Часы стояли. А Саша все еще продолжала бег и чувствовала себя, точно невидимый карандаш, замерший в быстроте вращения. Она была, и в то же время – ее не было.
И вдруг кто-то за спиной ответил белой маске:
– Без четверти шесть.
И жизнь снова понеслась, завертелась: заскрипели невидимые шестеренки внутри часового механизма земли, и она закрутила над собой снежные вихри, а вечер покатился в пасть ночи. И снова от фонаря до фонаря Саша спешила к дому.
Еще днем, когда она бежала по улицам, ей казалось, что город утонул в стакане молока – все вокруг было белым и мокрым, и путь домой смыло снежным потоком. «Как можно возвращаться туда, где за скрипучими дверцами старых шкафов хранились вечно молодые тайны? – думала она. – Туда, где казавшиеся каменными ценности – честность, искренность, откровенность, вдруг рухнули, разлетелись прахом?» Но, как ни удивительно, сейчас, возле заброшенного пустыря, Сашу влекло лишь одно тепло – тепло ее дома. Другого у нее все равно не было. Лишь бы добежать туда, а уже потом, забравшись под тяжелое ватное одеяло, согрев комнату светом ночника, она еще раз все обдумает. И тогда, возможно, новое утро принесет новую правду. Правду завтрашнего дня.
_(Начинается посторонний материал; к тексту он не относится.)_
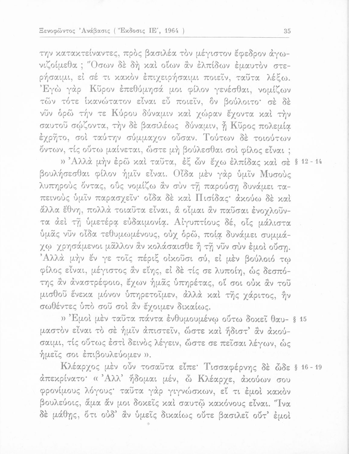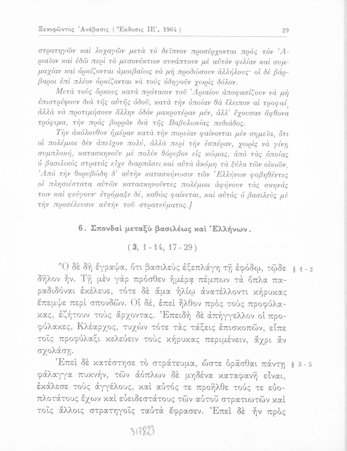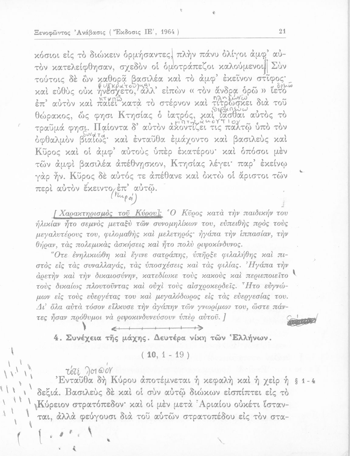 520 ## _aΣχολικό εγχειρίδιο Αρχαίων Ελληνικών για τη Β΄ Γυμνασίου με αποσπάσματα από το έργο του Ξενοφώντα. Το βιβλίο περιέχει ερμηνευτικές σημειώσεις και σχόλια.

Саша добежала до следующего фонаря: еще два и – конец страха и тьмы. Там, за двумя фонарями – яркий свет окон и рекламных вывесок. Там – смех и перебор гитары. Там – жизнь. Там – дом. И вдруг следующий фонарь замигал блеклым глазом и… потух. Промежуток тьмы до спасительного острова живого света стал в два раза длиннее – метров двадцать, не меньше. Казалось бы, что такого? Бегом это расстояние можно преодолеть за пару минут. Но Саше захотелось прилипнуть к фонарному столбу, рядом с которым она стояла, прорасти в лоскуте его вялого свечения и забыть про окружающую тьму. Она дрожала, как испуганный заяц: все это вдруг напомнило ей одну историю, что рассказывал когда-то дед. Лето вплеталось в этот мрачный зимний день уже не в первый раз. Сейчас Саша уж видела вокруг не отмороженный город, а дачу папиных родителей: как она сидит на веранде за широким дубовым столом. Ноги еще не достают до пола, и она болтает ими так, что шлепки слетают со ступней. А вокруг шелестят березы, стрекочут цикады да ветер лениво перебирает длинную челку…
– Помню, ехал я как-то вечером с рыбалки: тут-то со мной и приключись эта история…
Дед отхлебнул душистого мятного чая из толстостенной чашки. А бабушка лишь улыбнулась и положила внучке на блюдце крупный кусок домашнего яблочного пирога с корицей. Эту историю дед рассказывал частенько, но семилетняя Саша готова была заглатывать ее каждый раз, как и бабушкин вкуснейший пирог – благодарно и жадно.
– Дорога там шла узкая, в одну полосу, – продолжал дед. – Две машины с трудом разъезжались, щекоча друг друга боками. А по сторонам стояли деревья: густо, ствол к стволу. Так вот, был поздний августовский вечер. Луна, Млечный Путь да фары моей жестяной старушки освещали полотно. И вдруг, волк его раздери, под колеса мне выскакивает заяц! Уши и ноги длинные, а тельце маленькое, как у котенка. Мечется он в свете фар: я – влево, и заяц – влево. Я – вправо, заяц – туда же. Боится сероухий выпрыгнуть из луча света и скачет перед колесами, а в лес – ни ногой…
Дед замолчал, откусил яблочного пирога и начал медленно пережевывать кусок.
– И что же дальше, деда? – в который раз с неизбывным любопытством переспрашивала Саша.
– Пришлось спасать, – причмокивая, отвечал дед. – С зайцами одна беда – как попадут в луч света, так не могут в сторону ступить. Пришлось остановиться и выключить фары. Посидел минутку, подождал в полной темноте. Потом потихоньку завел мотор, включил фары, а сероухого уже и след простыл, только хвостик за деревом и мелькнул – ушел счастливец в ночь.